Sodium is insidious; it’s in foods that don’t even taste salty. Bread products are among the primary offenders. Other foods with substantial amounts of sodium include cold cuts and cured meats, cheeses, pizza, poultry, soups, pastas, sauces and, of course, snack foods. Processed foods and those prepared by restaurants are where most of our consumption occurs (2).

On the flip side, only about two percent of people get enough potassium from their diets (3).

Why is it important to reduce sodium and increase potassium? A high sodium-to-potassium ratio increases the risk of cardiovascular disease by 46 percent, according to the study, which looked at more than 12,000 Americans over almost 15 years (4). In addition, both may have significant impacts on blood pressure and cardiovascular disease.

To improve our overall health, we need to shift the sodium-to-potassium balance so that we consume more potassium and less sodium. And if you struggle with high blood pressure, this approach could help you win the battle. Let’s look at the evidence.

Why do we always harp on sodium?

Two studies illustrate the benefits of reducing sodium in high blood pressure and normotensive (normal blood pressure) patients, ultimately preventing cardiovascular disease, including heart disease and stroke.

The first used the prestigious Cochrane review to demonstrate that blood pressure is reduced by a significant mean of −4.18 mm Hg systolic (top number) and −2.06 mm Hg diastolic (bottom number) involving both normotensive and hypertensive participants (5). When looking solely at hypertensive patients, the reduction was even greater, with a systolic blood pressure reduction of −5.39 mm Hg and a diastolic blood pressure reduction of −2.82 mm Hg.
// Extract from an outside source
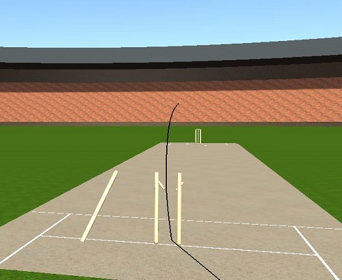 I wondered what that would look like and decided to knock up a quick Motion study in SOLIDWORKS. Since Motion uses real-world physics to calculate the movements, it is an accurate simulation of what really happens. I added an initial velocity to the ball of 95 mph at 2 degrees from the horizontal and at about the correct height. I added 'Contacts' between the ball, pitch and stumps and after a little adjustment knocked the stumps over.

This was a meta-analysis (a group of studies) that evaluated data from 34 randomized clinical trials, totaling more than 3,200 participants. Salt reduction from 9 to 12 grams per day to 5 to 6 grams per day, determined using 24-hour urine tests, had a dramatic effect. The researchers believe there is a direct linear effect with salt reduction. In other words, the more we reduce the salt intake, the greater the effect of reducing blood pressure. 

The authors recommend further reduction to 3 grams per day as a long-term target for the population and concluded that the effects on blood pressure will most likely result in a decrease in cardiovascular disease.

In the second study, a meta-analysis of 42 clinical trials, there was a similarly significant reduction in both systolic and diastolic blood pressures (6). This study included both adults and children. Both demographics saw a reduction in blood pressure, though the effect was greater in adults. Interestingly, an increase in sodium caused a 24 percent increased risk of stroke incidence but, more importantly, a 63 percent increased risk of stroke mortality. The risk of mortality from heart disease was increased alongside an increase in sodium, as well, by 32 percent.

In an epidemiology modeling study, the researchers projected that either a gradual or instantaneous reduction in sodium would save lives (7). For instance, a modest 40 percent reduction over 10 years in sodium consumed could prevent 280,000 premature deaths. These are only projections, but in combination with the above studies, they may be telling.

Why is potassium important?

When we think of blood pressure, not enough attention is given to potassium. The typical American diet doesn’t contain enough of this mineral.

In a meta-analysis involving 32 studies, results showed that as the amount of potassium was increased, systolic blood pressure decreased significantly (8). When foods containing 3.5 to 4.7 grams of potassium were consumed, there was an impressive −7.16 mm Hg reduction in systolic blood pressure with high blood pressure patients. Anything more than this amount of potassium did not have any additional benefit. Increased potassium intake also reduced the risk of stroke by 24 percent. This effect was important.

The reduction in blood pressure was greater with increased potassium consumption than with sodium restriction, although this was not a head-to-head comparison. The good news is that potassium is easily attainable in the diet. Foods that are potassium-rich include bananas, almonds, raisins, sweet potato and green leafy vegetables such as Swiss chard.

The bottom line: decrease your sodium intake by almost half and increase potassium intake from foods. Lowering sodium intake may have far-reaching benefits, and it is certainly achievable. First, consume less and give yourself a brief period to adapt — it takes about six weeks to retrain your taste buds, once you cut your sodium. You can also improve your odds by increasing your dietary potassium intake, which also has a substantial beneficial effect, striking a better sodium-to-potassium balance.

References: 

(1) Am J Clin Nutr. 2012 Sep;96(3):647-657. (2) www.cdc.gov. (3) Am J Clin Nutr. 2012 Sep;96(3):647-657. (4) Arch Intern Med. 2011;171(13):1183-1191. (5) BMJ. 2013 Apr 3;346:f1325. (6) BMJ. 2013 Apr 3;346:f1326. (7) Hypertension. 2013; 61: 564-570. (8) BMJ. 2013; 346:f1378.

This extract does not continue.